Nixon's story, told Nixon's way

Presidential museum depicts a singular view of a roller-coaster era in American politics

August 04, 2002|By Eric Noland | By Eric Noland,LOS ANGELES DAILY NEWS

Just steps from the exit, Richard Nixon gets the last word.

He's on a TV screen in a small theater, responding to the disembodied voice of a supposed interviewer. Maybe it's assumed that the visitor to the Richard Nixon Library & Birthplace, in Yorba Linda, Calif., having navigated a dozen exhibit areas -- concluding with a dimly lighted hall devoted to the abject darkness of Watergate -- might have a few questions at this point.

So there is Nixon, obviously filmed late in his life, brushing aside, explaining away and at one point openly laughing about such petty nuisances as wiretaps of political enemies, his secret office tape recordings and the actions of the infamous White House "plumbers."

Your library, your prerogative.

Whatever your political perspective, a visit to the Nixon Library near Los Angeles is well worth your while. As its visitor guide declares, it provides "a fascinating journey through history" -- albeit reflecting one man's perspective and encompassing one of the most sordid chapters in American presidential history.

Nixon, the only American president to resign, stepped down Aug. 8, 1974, just days after the House Judiciary Committee recommended articles of impeachment against him for conspiracy to obstruct justice, abuse of power and refusal to comply with its subpoenas. He died in 1994 at age 81.

Simple birthplace

One of the most heartening elements of the nine-acre complex is the simple home in which Nixon was born, in 1913, and spent the first nine years of his life. It still occupies its original site, where Nixon's father, Frank, tended a lemon grove. (The family later moved to Whittier, where Frank ran a gas station and general store.)

As you walk through the small clapboard structure and hear that the four sons bunked in an upstairs room, "two to a bed," it's remarkable to think that someone of such simple means and no family connections could rise to the highest office in the country just over 30 years ago.

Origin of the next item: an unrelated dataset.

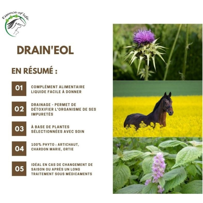 Drain'Eol est indiqué pour des chevaux et poneys ayant subi un passage un peu plus difficile. Il permet de détoxifier l'organisme de ses impuretés en soutenant l'appareil urinaire et hépatique (foie). En routine, il est idéal de faire une cure de Drain'Eol aux changements de saison au début de l'hiver, lorsque le poil s'épaissit. Cela peut être intéressant aussi après le vermifuge. Il est également conseillé de faire une cure après un coup dur pour le cheval (maladie, traitement,...).

Exhibit areas in the library trace the genesis of Nixon's political career: his victory in a local congressional race (1946), his zeal as a member of the House Committee on Un-American Activities, his mud-slinging victory over Helen Gahagan Douglas for one of California's U.S. Senate seats (1950), and his selection as vice presidential running mate to Dwight D. Eisenhower (1952).

A vintage TV set plays a grainy, black-and-white tape of Nixon's famous "Checkers" speech, when he defended himself against charges that powerful backers had created a slush fund for his use. One contribution, he says in the speech, was a cocker spaniel, "and Tricia, the 6-year-old, named it 'Checkers.' "

As Nixon defends his lifestyle, you might have to suppress a chuckle as he declares that wife Pat "doesn't have a mink coat, but she does have a respectable, Republican cloth coat."

TV again figures prominently in Nixon's career at a subsequent exhibit devoted to his unsuccessful bid for the presidency against John F. Kennedy in 1960. The first of the televised debates of that campaign is aired, and Nixon, who declined to have television makeup applied, exhibits a 5 o'clock shadow and repeatedly mops sweat from his face with a handkerchief. As Nixon fidgets and stammers, Kennedy appears suave and self-assured.

The commentary hastens to add, however, that Nixon excelled in a subsequent televised debate and, besides, it's doubtful voters' minds were swayed by the first one anyway.

From protest to peace

There's a lot of that in this library. The word "spin" only recently gained favor in American political nomenclature. It might be more appropriate to characterize this institution's take on Nixon's career as "gloss."

The illegal extension of the Vietnam War into Cambodia in 1970 is referred to as "unannounced bombing runs." The killing of four Kent State University students by National Guardsmen during a subsequent protest includes a preface about objects thrown by the mob, and the vague words: "Tragically, in the ensuing panic, shots rang out."

In the Watergate room, a reference to Washington Post reporters Bob Woodward and Carl Bernstein includes the words "in their zeal to create a Watergate story." Create?

Also in the Watergate room, after you hear the "smoking gun" tape -- in which Nixon encourages an aide to have the CIA tell the FBI to back off its investigation for national security reasons -- a commentary quickly notes that Nixon called off the dogs two weeks later (as if that absolves him of wrongdoing).

Exhibits at the library also deal with more upbeat subjects, including Nixon's achieving a thaw with China (he was the first president to visit that country), his pursuit of detente in the Soviet Union and his withdrawal of troops from Vietnam (though it took more than four years). There is a poignant look at prisoners of war who returned from Vietnam on Nixon's watch in 1973.

A highlight of the library grounds is the First Lady's Garden, which is richly planted in roses.